- _ACTION ITEM_:
An exact, complete copy of the entries below is required, minus any pictures.

--

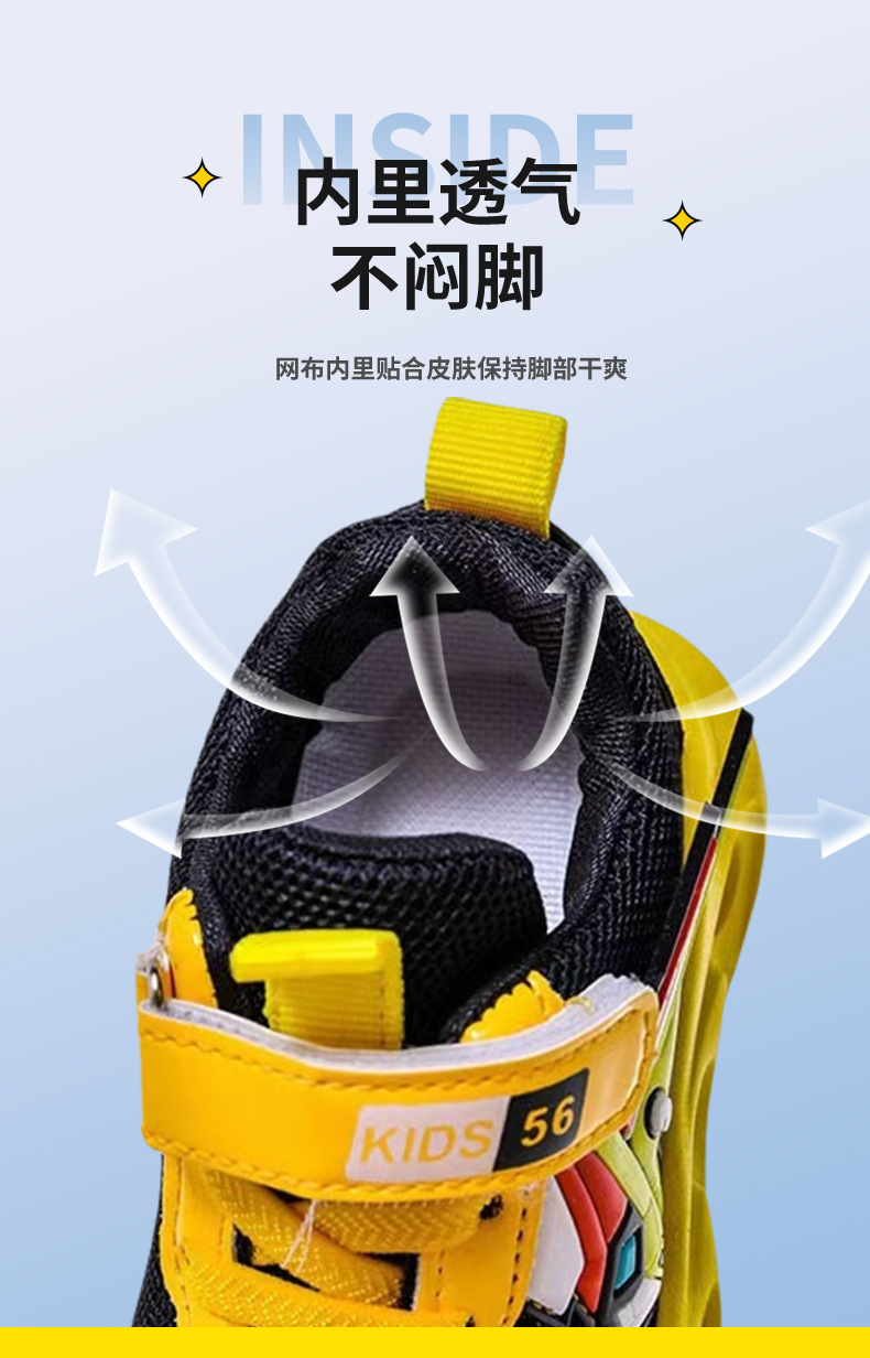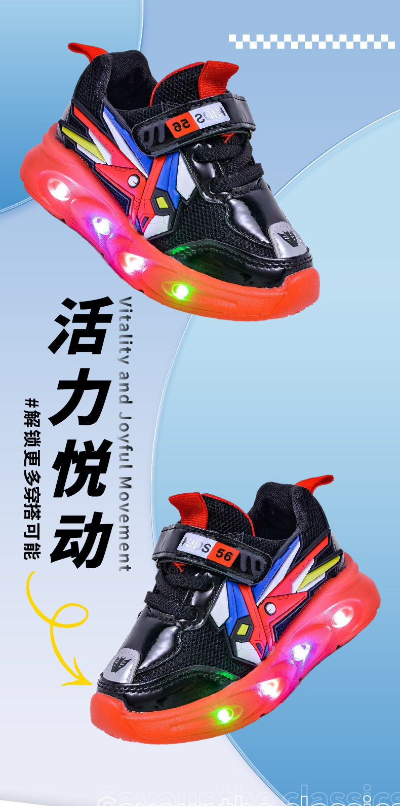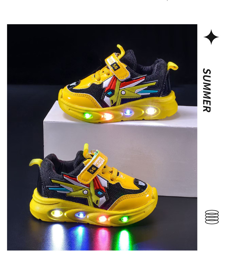 국경 간 가을과 겨울 새로운 남성 신발 벨크로 만화 메쉬 패브릭 플래시 신발 통기성 1-6 어린이 신발 어린이 운동화
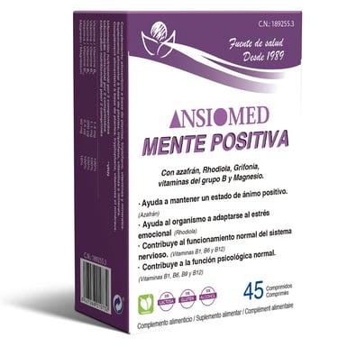 Ansiomed es una marca comprometida con el bienestar emocional. Nuestros productos están formulados a base de productos naturales como el Triptófano, el Azafrán, o la Rhodiola, así como por vitaminas y minerales, que ayudan a mantener un estado de ánimo positivo y a adaptarse al estrés emocional. Nuestra gama de productos ofrece una fórmula específica para cada necesidad, brindando soluciones naturales para el equilibrio emocional*.
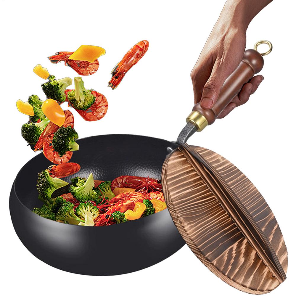 Вок Антипригарный Традиционный Железный Вок Эргономичная Непокрытая Железная Сковорода С Крышкой Для Дома На Открытом Воздухе Ресторана Кемпинга В Помещении
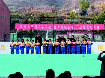 沂源县三岔中心学校举行“德育常规管理月”总结表彰大会。
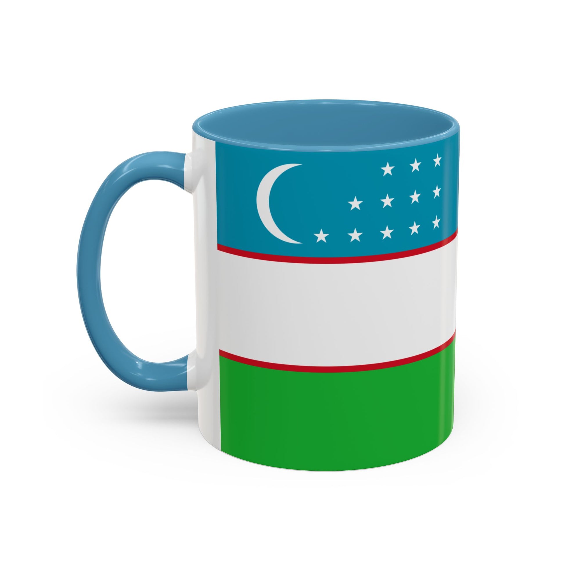 Celebrate Uzbekistan with every sip from the Uzbekistan Mug. This vibrant ceramic mug showcases the flag of Uzbekistan, with its blue, white, and green horizontal stripes separated by red fimbriations, along with a crescent moon and twelve stars in the top-left corner. Each element reflects the nation’s history, culture, and aspirations, making your coffee or tea ritual a small celebration of Uzbek pride. Perfect for morning coffee, afternoon tea, or a cozy hot chocolate, this mug adds color, meaning, and personality to your kitchen or workspace.
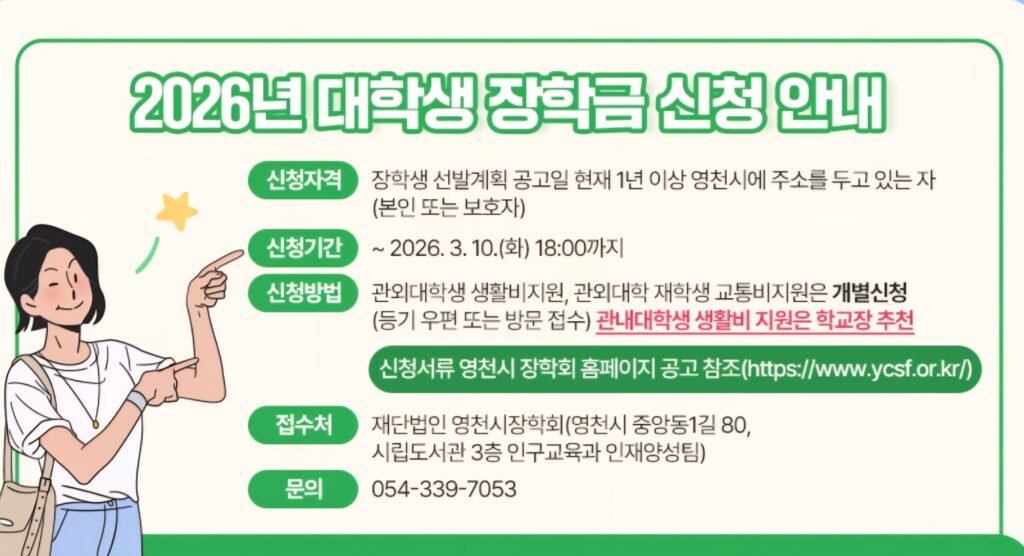 * Application Documents: Refer to the announcement on the Yeongcheon City Scholarship Foundation website (https://www.ycsf.or.kr/)
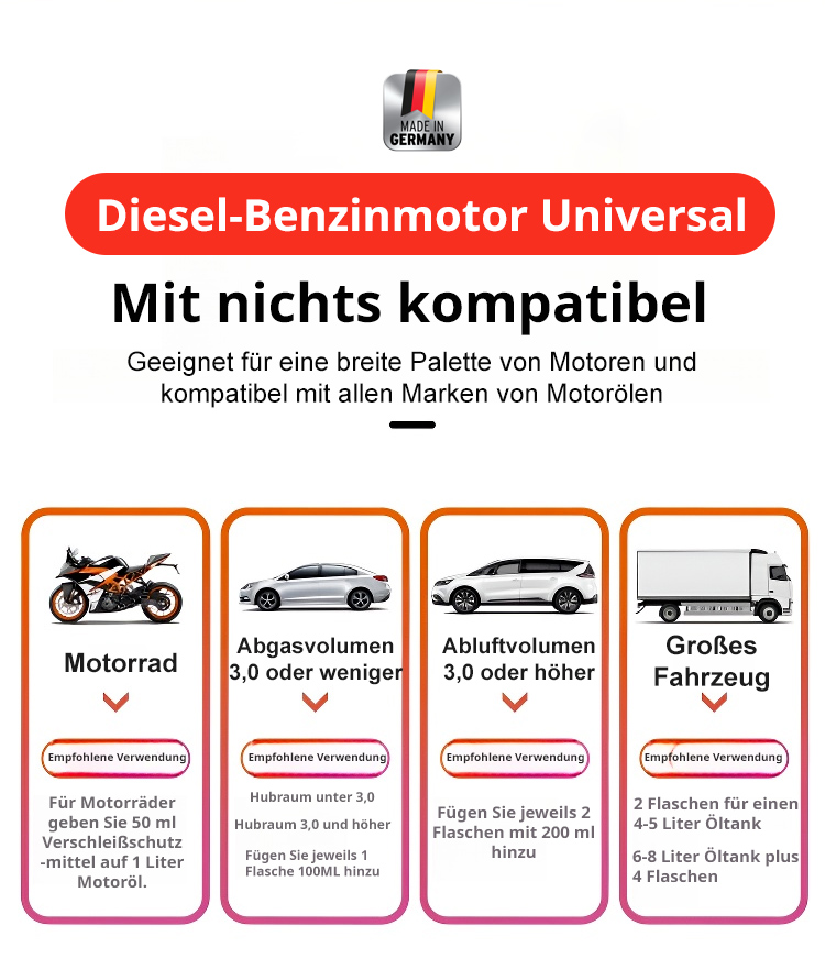 Ein Monat Nutzung verlängert die Motorlebensdauer um 20 Jahre ✨Spart jährlich über 2.000 Euro Kraftstoffkosten bei 100.000 km ✨Nach der Anwendung wird das Motorgeräusch um 20 Dezibel reduziert ✨
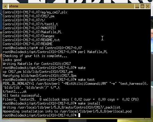 Debe mostrar una lista de archivos que estaban sin envasar. Cambiar al directorio ControlX10-CM17-0.07 y lea el archivo Léame para obtener más información sobre cómo proceder. Cuando hayas terminado la lectura, estos son los pasos a seguir para instalar el módulo:

--

- _FINISHED EXERCISE_:
 국경 간 가을과 겨울 새로운 남성 신발 벨크로 만화 메쉬 패브릭 플래시 신발 통기성 1-6 어린이 신발 어린이 운동화
 Ansiomed es una marca comprometida con el bienestar emocional. Nuestros productos están formulados a base de productos naturales como el Triptófano, el Azafrán, o la Rhodiola, así como por vitaminas y minerales, que ayudan a mantener un estado de ánimo positivo y a adaptarse al estrés emocional. Nuestra gama de productos ofrece una fórmula específica para cada necesidad, brindando soluciones naturales para el equilibrio emocional*.
 Вок Антипригарный Традиционный Железный Вок Эргономичная Непокрытая Железная Сковорода С Крышкой Для Дома На Открытом Воздухе Ресторана Кемпинга В Помещении
 沂源县三岔中心学校举行“德育常规管理月”总结表彰大会。
 Celebrate Uzbekistan with every sip from the Uzbekistan Mug. This vibrant ceramic mug showcases the flag of Uzbekistan, with its blue, white, and green horizontal stripes separated by red fimbriations, along with a crescent moon and twelve stars in the top-left corner. Each element reflects the nation’s history, culture, and aspirations, making your coffee or tea ritual a small celebration of Uzbek pride. Perfect for morning coffee, afternoon tea, or a cozy hot chocolate, this mug adds color, meaning, and personality to your kitchen or workspace.
 * Application Documents: Refer to the announcement on the Yeongcheon City Scholarship Foundation website (https://www.ycsf.or.kr/)
 Ein Monat Nutzung verlängert die Motorlebensdauer um 20 Jahre ✨Spart jährlich über 2.000 Euro Kraftstoffkosten bei 100.000 km ✨Nach der Anwendung wird das Motorgeräusch um 20 Dezibel reduziert ✨
 Debe mostrar una lista de archivos que estaban sin envasar. Cambiar al directorio ControlX10-CM17-0.07 y lea el archivo Léame para obtener más información sobre cómo proceder. Cuando hayas terminado la lectura, estos son los pasos a seguir para instalar el módulo:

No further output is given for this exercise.